The data is now clean and in good shape to start the embedding process. We can now use LangChain to import and instantiate the embedding model from Hugging Face with this line of code.

#using huggingface embeddings
hf_embedding_model = HuggingFaceEmbeddings()

We can now create a User Defined Function (UDF) that takes in one of the food reviews and turns it into an embedding using the model we just instantiated. Ibis UDFs enable vectorized computation, which leads to improved performance compared to Python UDFs.

#Create an Ibis UDF that allows us to pass the reviews to Hugging Face TO be embedded

@udf.scalar.python
def hf_reviews_to_embeddings(s:str) -> dt.Array('float32'):
    embedding = hf_embedding_model.embed_query(s)
    return embedding

Next, to run the function on the individual reviews we will use the mutate function to pass each element of the combined column to the function above. This code will create a new column named embeddings that will contain a vector representation of the review returned from the model.

hf_embedded_reviews = reviews.mutate(embeddings=lambda t: hf_reviews_to_embeddings(t.combined))

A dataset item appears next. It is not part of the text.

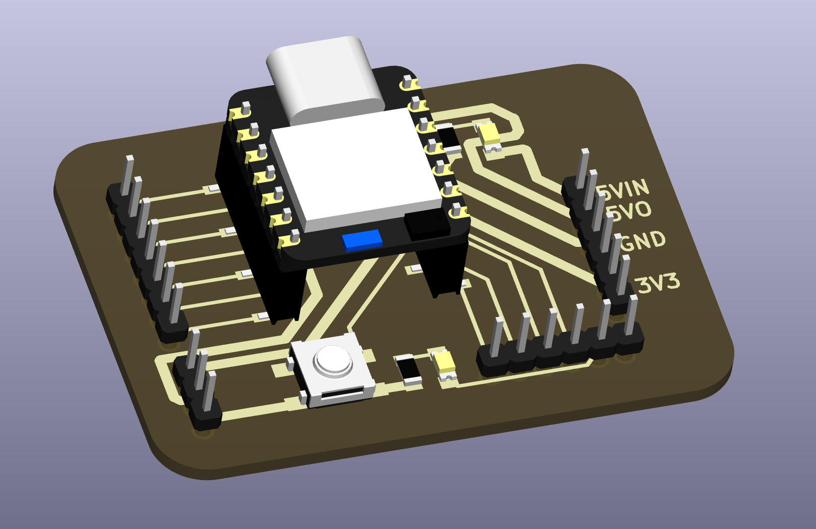 To create a generic breakout board for the XIAO, all pins are routed to pin headers.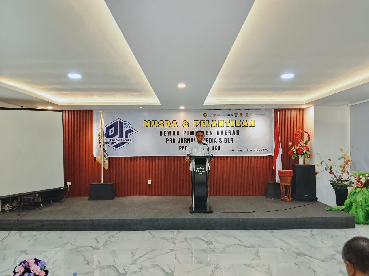 PMN Com Ambon,- Kepala Dinas Komunikasi dan Informatika Provinsi Maluku Drs. Melkias M. Lohy, M.T mewakili Gubernur Maluku hadiri acara Pelantikan DPD Pro Jurnalismedia Siber (PJS) Provinsi Maluku dan Pengurus DPC Kabupaten/Kota se- Maluku bertempat di Hotel Elizabeth Ambon, Sabtu (1/10/2025).

Hugging Face generates embeddings from the text that have a length of 768. Here’s what the embedded reviews look like.

#hf embeddings 
#each row contains an embedded review. 
hf_embedded_reviews[['combined','embeddings']]
┏━━━━━━━━━━━━━━━━━━━━━━━━━━━━━━━━━━━━━━━━━━━━━━━━━━━━━━━━━━━━━━━━━━━━━━━━━━━━━━━━━━┳━━━━━━━━━━━━━━━━━━━━━━━━━━━━━━━━━━━━━━━━━━━━━━━━━━━━━━━━━┓
┃ combined                                                                          embeddings                                              ┃
┡━━━━━━━━━━━━━━━━━━━━━━━━━━━━━━━━━━━━━━━━━━━━━━━━━━━━━━━━━━━━━━━━━━━━━━━━━━━━━━━━━━╇━━━━━━━━━━━━━━━━━━━━━━━━━━━━━━━━━━━━━━━━━━━━━━━━━━━━━━━━━┩
│ stringarray<float32>                                          │
├──────────────────────────────────────────────────────────────────────────────────┼─────────────────────────────────────────────────────────┤
│ Title: Good Quality Dog Food; Content: I have bought several of the Vitality ca…[0.07233631610870361, 0.07917483150959015, ... +766]    │
│ Title: Not as Advertised; Content: Product arrived labeled as Jumbo Salted Pean…[0.09642462432384491, 0.00853139627724886, ... +766]    │
│ Title: "Delight" says it all; Content: This is a confection that has been aroun…[0.04878354072570801, 0.021106256172060966, ... +766]   │
│ Title: Cough Medicine; Content: If you are looking for the secret ingredient in…[0.06679658591747284, 0.038995273411273956, ... +766]   │
│ Title: Great taffy; Content: Great taffy at a great price.  There was a wide as…[0.04276638850569725, 0.023525429889559746, ... +766]   │
│ Title: Nice Taffy; Content: I got a wild hair for taffy and ordered this five p…[0.07608062773942947, -0.0033953222446143627, ... +766] │
│ Title: Great!  Just as good as the expensive brands!; Content: This saltwater t…[0.031033676117658615, -0.0636257752776146, ... +766]   │
│ Title: Wonderful, tasty taffy; Content: This taffy is so good.  It is very soft…[0.06077864393591881, 0.007744158152490854, ... +766]   │
│ Title: Yay Barley; Content: Right now I'm mostly just sprouting this so my cats…[0.031362198293209076, 0.020399324595928192, ... +766]  │
│ Title: Healthy Dog Food; Content: This is a very healthy dog food. Good for the…[0.05561477690935135, 0.05685048922896385, ... +766]    │
│                                                        │
└──────────────────────────────────────────────────────────────────────────────────┴─────────────────────────────────────────────────────────┘

Now that we have the embeddings, we will create a function that measures the similarity between a search term and the embedded review. The function will take in the embedded search term and the embedded review and use cosine similarity to figure out how similar the two are semantically. A float will be returned with values between 0 and 1. The higher the number, the more related the two embeddings are. Here’s the code to do this.

from scipy import spatial

#create a udf that takes in the search term embedding and the embedding from the table and 
#calculates the cosine similarity. The higher this value the more similar 
@udf.scalar.python
def similarity_embs(emb1:dt.Array('float32'), emb2:dt.Array('float32')) -> dt.float:
    # compute cosine similarity
    # cosine = np.dot(emb1,emb2)/(norm(emb1)*norm(emb2))
    cosine = 1 - spatial.distance.cosine(emb1,emb2)
    return cosine

The final piece of code will incorporate the above function, and allow a user to put in a word or phrase and search for related reviews. Along with their search term, they can also specify the number of similar results they want to return.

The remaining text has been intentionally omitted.